On Mon, Jun 19, 2017 at 06:24:28PM +0200, Andrea Parri wrote:
> On Wed, Jun 14, 2017 at 01:23:29PM -0700, Paul E. McKenney wrote:
> > On Wed, Jun 14, 2017 at 04:33:22PM +0200, Andrea Parri wrote:
> > > On Tue, Jun 13, 2017 at 09:33:17PM -0700, Paul E. McKenney wrote:
> > > > On Wed, Jun 14, 2017 at 04:54:04AM +0200, Andrea Parri wrote:
> > > > > On Mon, Jun 12, 2017 at 02:37:55PM -0700, Paul E. McKenney wrote:
> > > > > > Hello, Ingo,
> > > > > > 
> > > > > > This pull request is unusual in being a single linear set of commits,
> > > > > > as opposed to my usual topic branches.  This is due to the many
> > > > > > large-footprint changes, which means that reasonable topic branches
> > > > > > result in large numbers of merge conflicts.  In addition, some commits
> > > > > > depend on other commits that should be on different topic branches.

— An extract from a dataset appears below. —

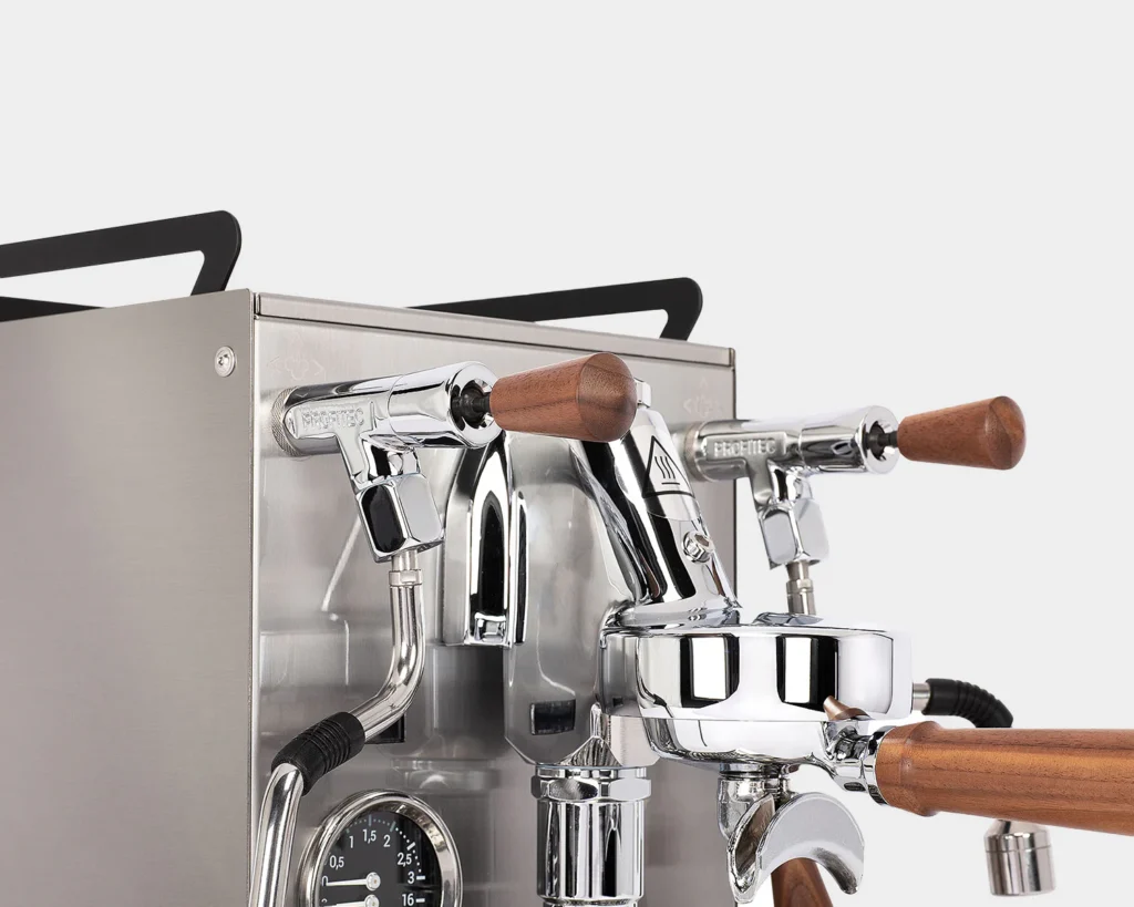 Multifunktionsschalter: Drei Temperaturen wählbar (120 °C, 124 °C, 128 °C), Preinfusion und ECO-Modus ein-/ausschaltbar

> > > > > > I will return to the topic-branch style next time.
> > > > > > 
> > > > > > The largest feature of this series is shrinking and simplification,
> > > > > > with the following diffstat summary:
> > > > > > 
> > > > > >  79 files changed, 1496 insertions(+), 4211 deletions(-)
> > > > > > 
> > > > > > In other words, this series represents a net reduction of more than 2700
> > > > > > lines of code.
> > > > > > 
> > > > > > These commits were posted to LKML:
> > > > > > 
> > > > > > 	http://lkml.kernel.org/r/20170525215934.GA11578@linux.vnet.ibm.com
> > > > > 
> > > > > I did raise some issues (AFAICT, unresolved) concerning...
> > > > > 
> > > > > 
> > > > > > 
> > > > > > Two of these commits (46/88 and 48/88) have been deferred, most likely
> > > > > > to v4.14.  All of the remaining commits have been subjected to the 0day
> > > > > > Test Robot and -next testing, and are availiable in teh git repository at:
> > > > > > 
> > > > > >   git://git.kernel.org/pub/scm/linux/kernel/git/paulmck/linux-rcu.git for-mingo
> > > > > > 
> > > > > > for you to fetch changes up to 6d48152eafde1f0d0a4a9e0584fa7d9ff4fbfdac:
> > > > > > 
> > > > > >   rcu: Remove RCU CPU stall warnings from Tiny RCU (2017-06-08 18:52:45 -0700)
> > > > > > 
> > > > > > ----------------------------------------------------------------
> > > > > > Arnd Bergmann (1):
> > > > > >       bcm47xx: Fix build regression
> > > > > > 
> > > > > > Paul E. McKenney (83):
> > > > > >       rcutorture: Add lockdep to one of the SRCU scenarios
> > > > > >       rcutorture: Add three-level tree test for Tree SRCU
> > > > > >       rcutorture: Fix bug in reporting Kconfig mis-settings
> > > > > >       rcutorture: Add a scenario for Tiny SRCU
> > > > > >       rcutorture: Add a scenario for Classic SRCU
> > > > > >       rcu: Prevent rcu_barrier() from starting needless grace periods
> > > > > >       rcutorture: Correctly handle CONFIG_RCU_TORTURE_TEST_* options
> > > > > >       rcutorture: Update test scenarios based on new Kconfig dependencies
> > > > > >       srcu: Eliminate possibility of destructive counter overflow
> > > > > >       rcu: Complain if blocking in preemptible RCU read-side critical section
> > > > > >       rcuperf: Defer expedited/normal check to end of test
> > > > > >       rcuperf: Remove conflicting Kconfig options
> > > > > >       rcu: Remove obsolete reference to synchronize_kernel()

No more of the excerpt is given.